> ABOUT THIS TASK:
Pictures are not part of the answer. Write out exactly the lines from the one containing "Na Technické univerzitě v Liberci poběží" through the end of the material below.

> SOURCE DATA:

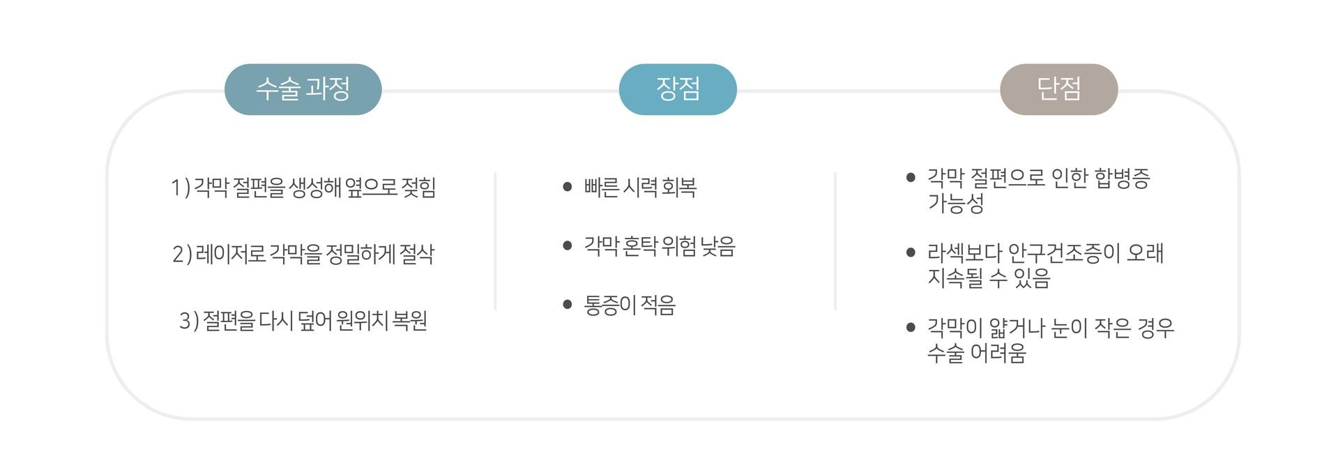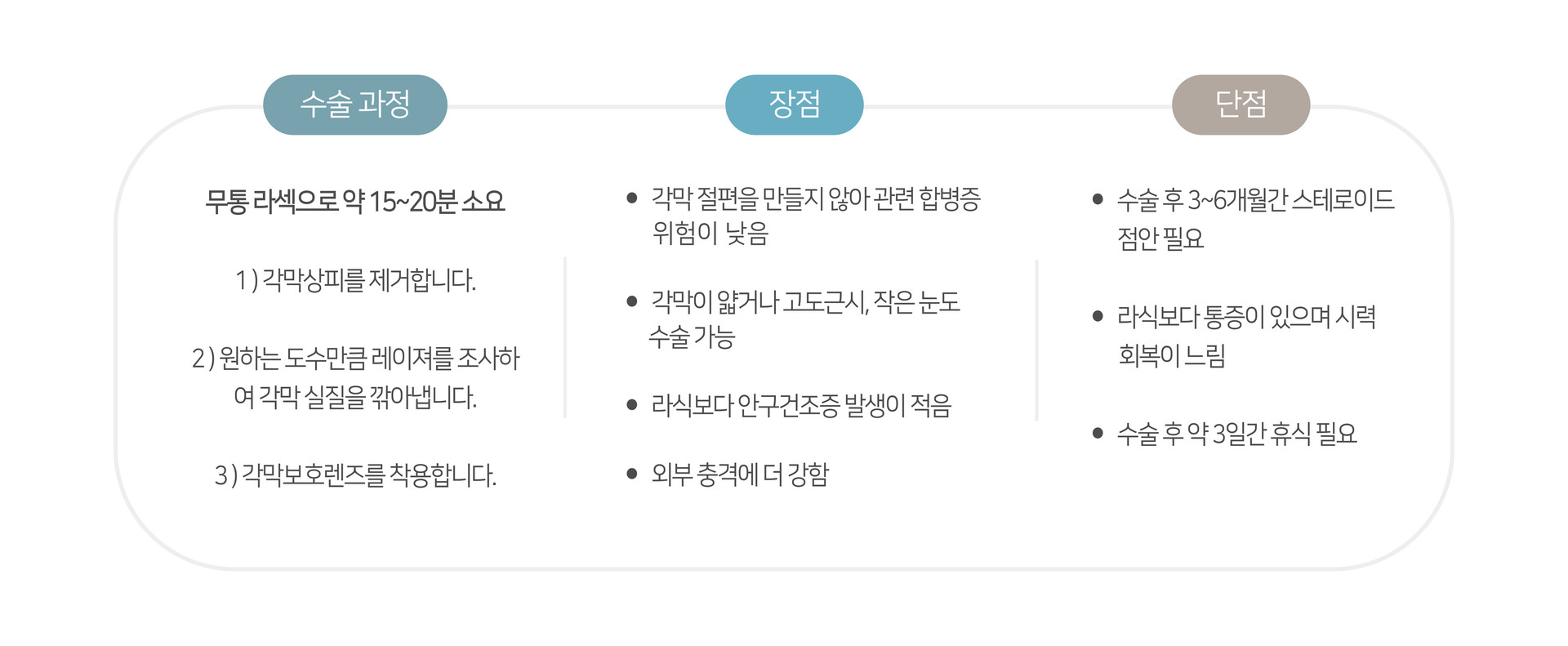 수술 후 통증이 적고 시력회복이 빠른것이 장점이지만 잔여각막이 충분하지않고 안정성이 떨어진다는 단점이 있습니다.
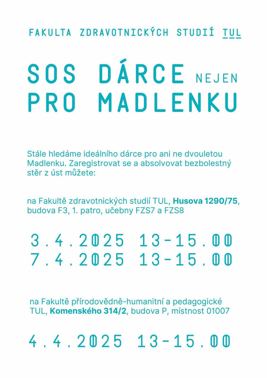 Na Technické univerzitě v Liberci poběží nábor do registru dárců kostní dřeně. Pomoci malé Madlence, která naléhavě potřebuje dárce kostní dřeně, ale i jiným nemedializovaným pacientům můžete i vy. Jak? Stačí se odhodlat a zaregistrovat se do Českého národního registru dárců kostní dřeně. Nábor dárců poběží ve třech dnech na Technické univerzitě v Liberci. Čím více zájemců dorazí, tím větší bude šance, že se najde správný dárce pro konkrétní pacienty. Tuto dobrovolnou akci pořádají společně Dobrovolnické centrum TUL, Dárcovské centrum Liberec při Transfuzním oddělení Krajské nemocnice v Liberci a Fakulta zdravotnických studií TUL.
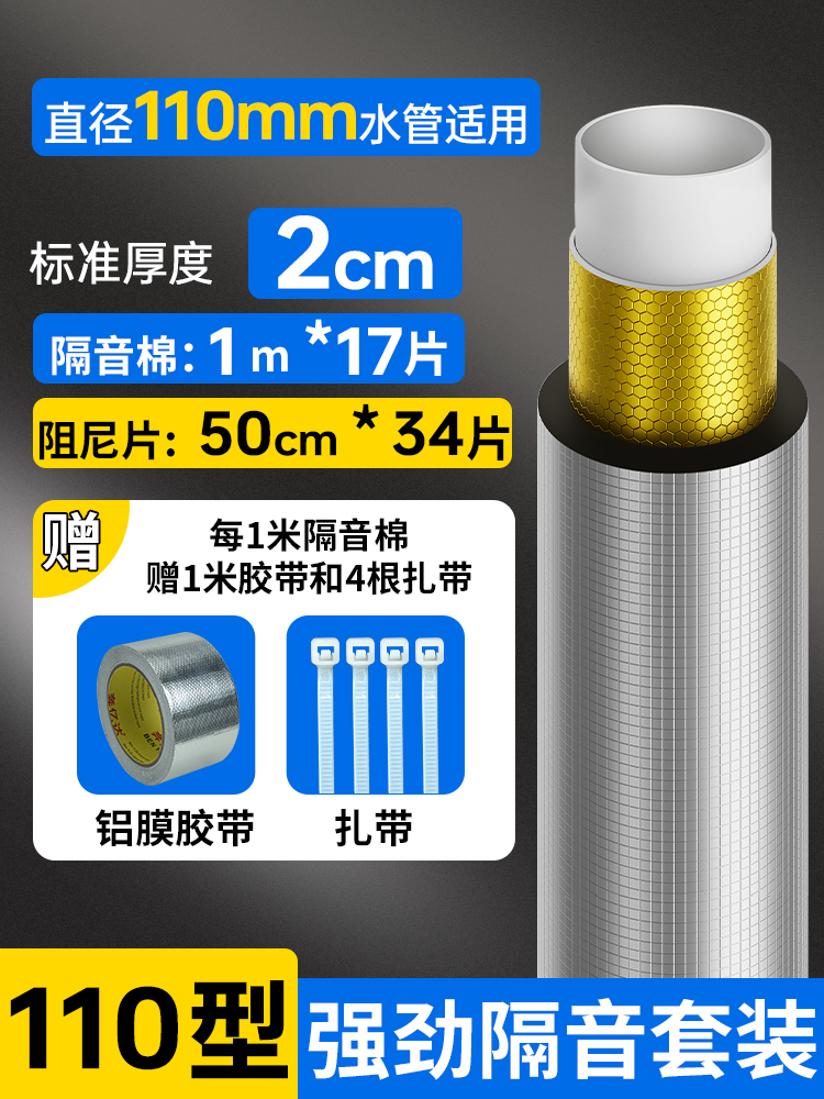• [독일 브랜드 기술] 110형 2CM 두꺼워짐 [ 3m ] 발코니 하수관 방음 패키지

> RESULT OF THIS TASK:
 Na Technické univerzitě v Liberci poběží nábor do registru dárců kostní dřeně. Pomoci malé Madlence, která naléhavě potřebuje dárce kostní dřeně, ale i jiným nemedializovaným pacientům můžete i vy. Jak? Stačí se odhodlat a zaregistrovat se do Českého národního registru dárců kostní dřeně. Nábor dárců poběží ve třech dnech na Technické univerzitě v Liberci. Čím více zájemců dorazí, tím větší bude šance, že se najde správný dárce pro konkrétní pacienty. Tuto dobrovolnou akci pořádají společně Dobrovolnické centrum TUL, Dárcovské centrum Liberec při Transfuzním oddělení Krajské nemocnice v Liberci a Fakulta zdravotnických studií TUL.
• [독일 브랜드 기술] 110형 2CM 두꺼워짐 [ 3m ] 발코니 하수관 방음 패키지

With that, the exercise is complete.